Pattern of Tumor-Infiltrating Lymphocytes in Mixed Epithelial and Stromal Tumor of the Kidney: A Review of Five Cases.

机构信息

Department of Urology, Center for Urological Cancer, National Cancer Center, Goyang 10408, Korea.

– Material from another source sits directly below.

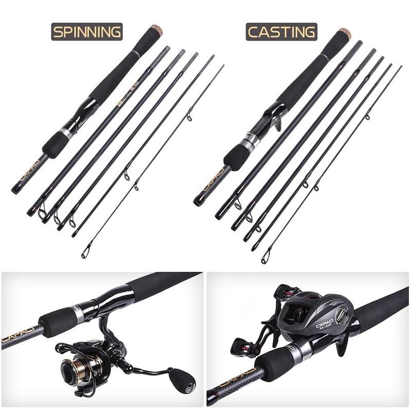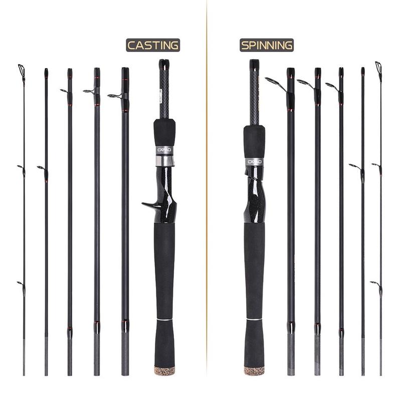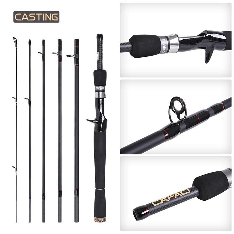 • Capici Carbon Fiber Travel Casting Fishing Rod 2.1 m - 6-Section Lightweight Hand Pole

Department of Pathology and Translational Genomics, Samsung Medical Center, Sungkyunkwan University School of Medicine, Seoul 06351, Korea.

出版信息

Cells. 2021 Apr 16;10(4):917. doi: 10.3390/cells10040917.

Abstract

Mixed epithelial and stromal tumor of the kidney (MESTK), a benign rare tumor with malignant transformation potential, is thought to be derived from fetal or immature cells originating from the mesonephric and Müllerian ducts. However, due to its rarity, little is known about the anti-tumor immune responses in MESTK. Herein, we present five cases of MESTK and evaluate the population of tumor-infiltrating lymphocytes (TILs) using a freshly obtained MESTK sample. Microscopically, TILs were scattered or clustered in large aggregates in the stroma in all five cases; furthermore, three cases exhibited heavy, large lymphocytic aggregates with no well-organized tertiary lymphoid structures with germinal centers. Flow cytometric analysis of TILs in one freshly obtained MESTK sample revealed that >40% of CD3 T cells were effector memory FasCD28 γδ T cells expressing high levels of programmed cell death protein 1 and inducible T-cell co-stimulator, but low levels of CD44 and CD27. Most αß T cells exhibited a naïve phenotype. Additionally, we detected many activated class-switched CD21CD27 B cells as well as CD11cIgM marginal zone B-like and CD27CD21CD23 immunoglobulin (Ig)DIgM age-associated B-like cells. Collectively, for the first time, we report the immune microenvironment pattern of MESTK to oncogenic stress.

摘要

肾混合性上皮间质肿瘤(MESTK)是一种具有恶性转化潜能的良性罕见肿瘤,被认为来源于中肾和 Müllerian 管的胎儿或未成熟细胞。然而,由于其罕见性,对于 MESTK 中的抗肿瘤免疫反应知之甚少。在此,我们报告了 5 例 MESTK 病例,并使用新鲜获得的 MESTK 样本评估了肿瘤浸润淋巴细胞(TIL)的群体。在所有 5 例中,显微镜下 TIL 均散布或聚集成大块在基质中;此外,3 例表现为大量淋巴细胞聚集,无成熟的三级淋巴样结构和生发中心。对一个新鲜获得的 MESTK 样本中 TIL 的流式细胞分析显示,>40%的 CD3 T 细胞是效应记忆 FasCD28 γδ T 细胞,表达高水平的程序性细胞死亡蛋白 1 和诱导型 T 细胞共刺激分子,但低水平表达 CD44 和 CD27。大多数 αß T 细胞表现为幼稚表型。此外,我们还检测到许多活化的类别转换 CD21CD27 B 细胞以及 CD11cIgM 边缘区 B 样细胞和 CD27CD21CD23 免疫球蛋白(Ig)DIgM 年龄相关 B 样细胞。总之,我们首次报告了 MESTK 对致癌应激的免疫微环境模式。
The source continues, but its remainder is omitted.